It is a tall order. In his first term, Kuchma's half-steps toward opening up Ukraine's command economy to competition were hampered by paralysis in a parliament in which Communists are the largest faction but lack a majority. To forge a coalition, Kuchma will have to enlist pro-Western, pro-business politicians. "If Kuchma is serious about leading a broad movement to deliver us from stagnation, he must attract centrists," says Mikolo Tomenko, a political analyst in Kiev.

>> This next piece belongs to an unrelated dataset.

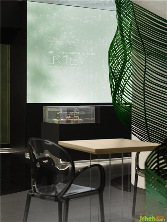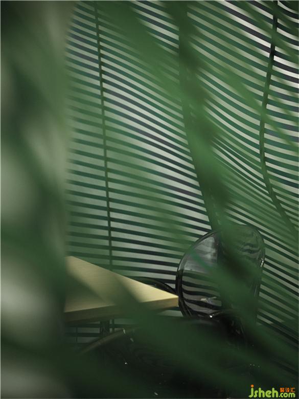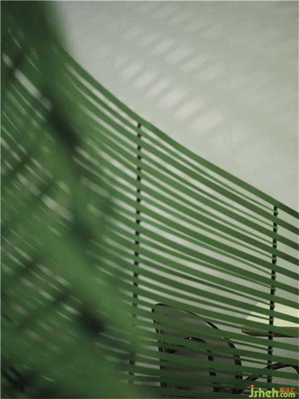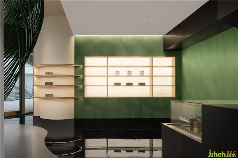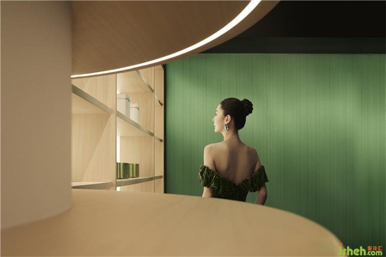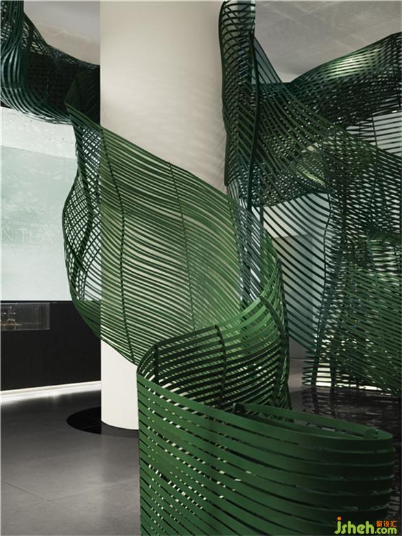 简单的带状仿叶轮廓营造出静谧的氛围,柔和蜿蜒的曲线给观者无限遐想,与空间内大量运用的渐变绿色灯光一起营造出虚实之间极简的美感。

Serhiy Tyhypko, Kuchma's beleaguered but respected Deputy Prime Minister for Economic Reform, could certainly use help from the likes of Viktor Pinzenik, the liberal economist who pushed for reform as Deputy Prime Minister in 1994-96 and now heads the Reform and Order Party. In the election, Pinzenik formed a bloc with Hennady Udovenko, who leads one wing of Rukh, the party that spawned the independence movement in the final Soviet years. Kuchma must now give such leaders a chance to liberalize the economy. "They'll only work with a Europeanized Kuchma," says Oleksandr Tkachenko, a leading Ukrainian journalist. "He must create the ground for a truly civil society."

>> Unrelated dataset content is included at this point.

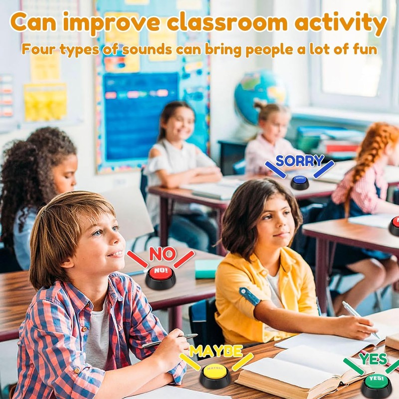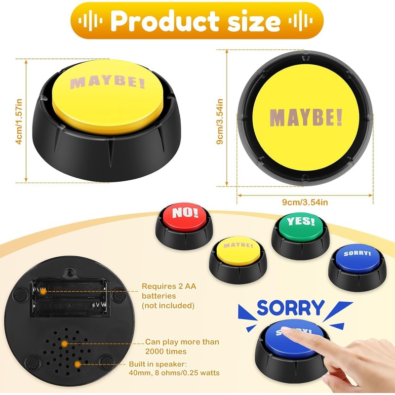 - What You Get: Inside the set there are 4 buttons with sounds, printed with green "YES!", blue "SORRY!", yellow "MAYBE! ", red "NO!", which can bring a lot of fun. Bring some joy to your home with these cute sound buttons, they require 2 AA batteries (not included).

That is vital to win the trust of Ukraine's 51 million people, for whom the post-Soviet "transition" has seemed endless. The high hopes of a decade ago--democracy, reform and Western investment--have given way to a bloated bureaucracy that feeds on corruption. Reversing the slide will be difficult. Despite Kuchma's triumph, the national currency is sinking. "We are living on the patience of the IMF," says the liberal economist Pinzenik. Kuchma's election may have beaten the "red threat," but the red ink is growing.

With or without the economic problems, Kuchma could hardly have lost the election. Symonenko was a dismal campaigner; in a pre-election interview he sat alone in a dark office repeating an odd refrain: "If only I could win." Kuchma wisely framed his campaign as a stalwart defense of modernization against a Bolshevik revanche. That may not have been convincing to many Ukrainians--they know that Kuchma has privatized few enterprises and lured but a trickle of investment. And 15 million retired Ukrainians need no reminding how hard it is to survive on pensions of less than $15 a month. Yet they voted for him all the same, simply because he was not running under the Communist banner.

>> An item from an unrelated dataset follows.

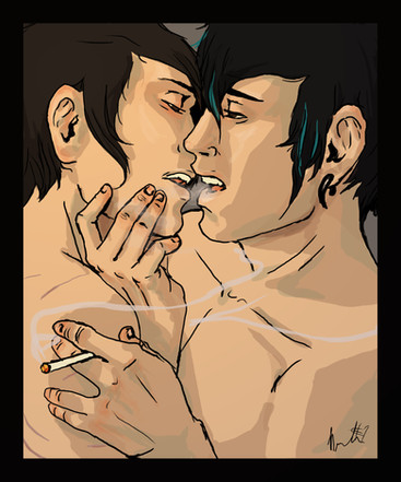 I think it's so cool how you did it. At first I thought he was just blowing smoke into her face, but when I looked at the details I realized "hey, his smoke is making her!". Pretty cool, I say

"Kuchma is ruled by the clans and the West," says an elderly woman in Gusachivka, a village 45 km east of Kiev. But she still supports him because, she says, "The gulag, collectivization, famine, Russia's fist--we've already had one Communist experiment. Anybody but the Communists." Now, with another five years to deliver promises too long unkept, Kuchma has a chance to rescue Ukraine's stranded reformers--and at last build the centrist alliance Ukraine so desperately needs.